What we gained is obvious: accessibility, speed, low cost, no gatekeepers but what disappeared is harder to name, but you can feel it.
The long stretches of working something out. The accumulated craft that comes from doing things the slow way. The sense of arrival that only exists if there was actually a journey to arrive from.
Keys uses a Newton’s Law analogy that lands well: for every action, there’s an equal and opposite reaction.
Remove friction from a system and the pressure has to go somewhere. In music’s case, it went straight into expectations.
If creation takes 24 hours, success should surely follow within a few weeks. Shouldn’t it?
The Results Trap
This is where things get genuinely damaging.
When the process is compressed to almost nothing, the only thing left to measure is the outcome. Numbers, streams, followers and engagement rates. And because those metrics are always visible, always updating, they become the entire point.
Keys works with hundreds of musicians regularly, and he’s watching this play out in real time. Artists treating 90 days as a long time to wait for results. Framing two months of releasing music as a disappointing run. Getting frustrated that fame hasn’t materialised yet.
The mismatch here is significant. In the old model, after 60 days you’d probably still be in the rehearsal room. You wouldn’t even have recorded anything yet.
The idea that results should arrive at the same speed as creation isn’t just unrealistic, it’s a recipe for a very specific kind of despair.
Because the goalposts never stop moving. Keys makes this point clearly. It goes from wanting to make a little money, to wanting to play a certain venue, to wanting to headline festivals, and on and on. There is no finishing line.
The artists who seem to have everything (his examples are Taylor Swift and Ed Sheeran) still carry enormous pressure with every release, every tour, every next thing. If you build your entire sense of progress around external results, you’re signing up for a game you cannot win.
Newton’s Law Applied to Music
It’s worth spending a moment on Keys’ central framework, because it explains a lot.
He’s not arguing that AI is bad, or that fast creation is inherently wrong. He’s arguing that systems have consequences, and that when you squeeze one part of a process, something else has to give.
What gave, in this case, was the internal reward structure of making music. The pride in craft. The satisfaction of a long project finally coming together. The sense of identity that forms when you put serious time into something.
Those things don’t survive when the timeline collapses to nothing, because they depend on duration.
Think about it like a video game. If someone hands you a cheat code that skips to the end, you can tell everyone you finished it. But you didn’t play it.
You didn’t get the experience the game was built to give you. You just have the ending, without any of the context that makes the ending mean something. The journey of playing the game provides the much needed context that makes finishing the game so rewarding
That’s increasingly what Keys is seeing in the musicians he works with. The ending, without the game equals a hollow victory.
The Dopamine Industry
Here’s the distinction Keys draws that’s probably the sharpest thing in the whole video.
The music industry, at its core, is about bringing joy to people and creating experiences.
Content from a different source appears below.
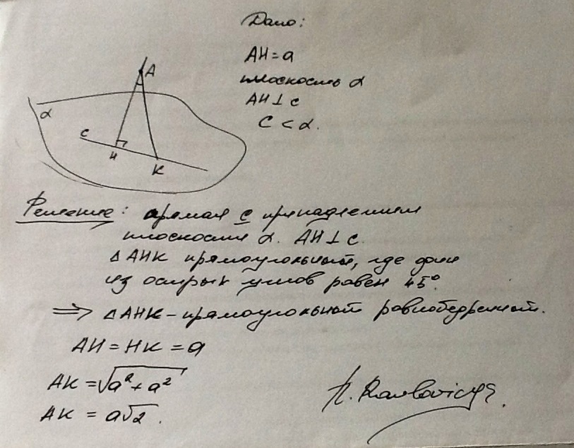 Из некоторой точки проведены к данной плоскости перпендикуляр, равный а, и наклонная; угол между ними равен 45°. Найти длину наклонной.
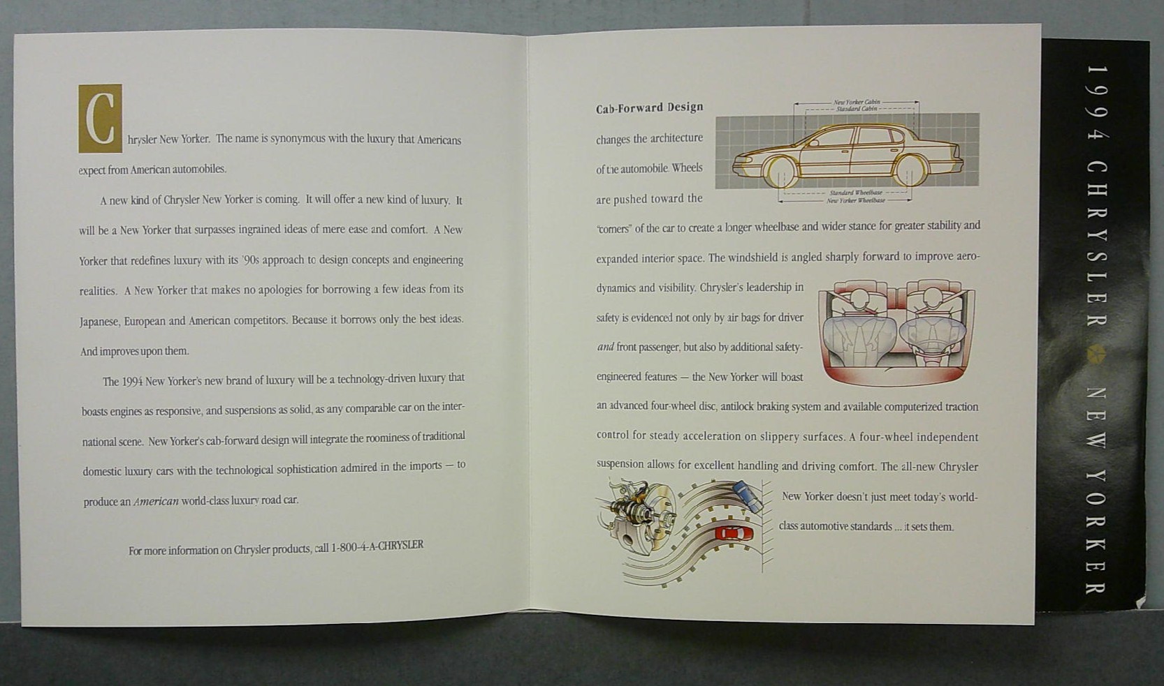 This is an original Chrysler sales folder. It features promotional highlights for the Chrysler New Yorker with full color pictures and specifications.

That’s the thing. The gigs, the connection with an audience, the moment a song lands with someone who needed it. That’s what makes music worth making.
What’s quietly replacing it is something different. A chase for fame and adoration, full stop. Not as a byproduct of genuine creative work, but as the primary goal from the start and increasingly, AI is being used not to make better music, but to shortcut the parts of the process that stand between an artist and that hit of recognition.
Keys calls it the dopamine industry, and it’s hard to argue with the framing.
When the goal is the high of being seen and adored, and the tools exist to chase that as fast as possible, the music itself becomes almost incidental. A means to an end.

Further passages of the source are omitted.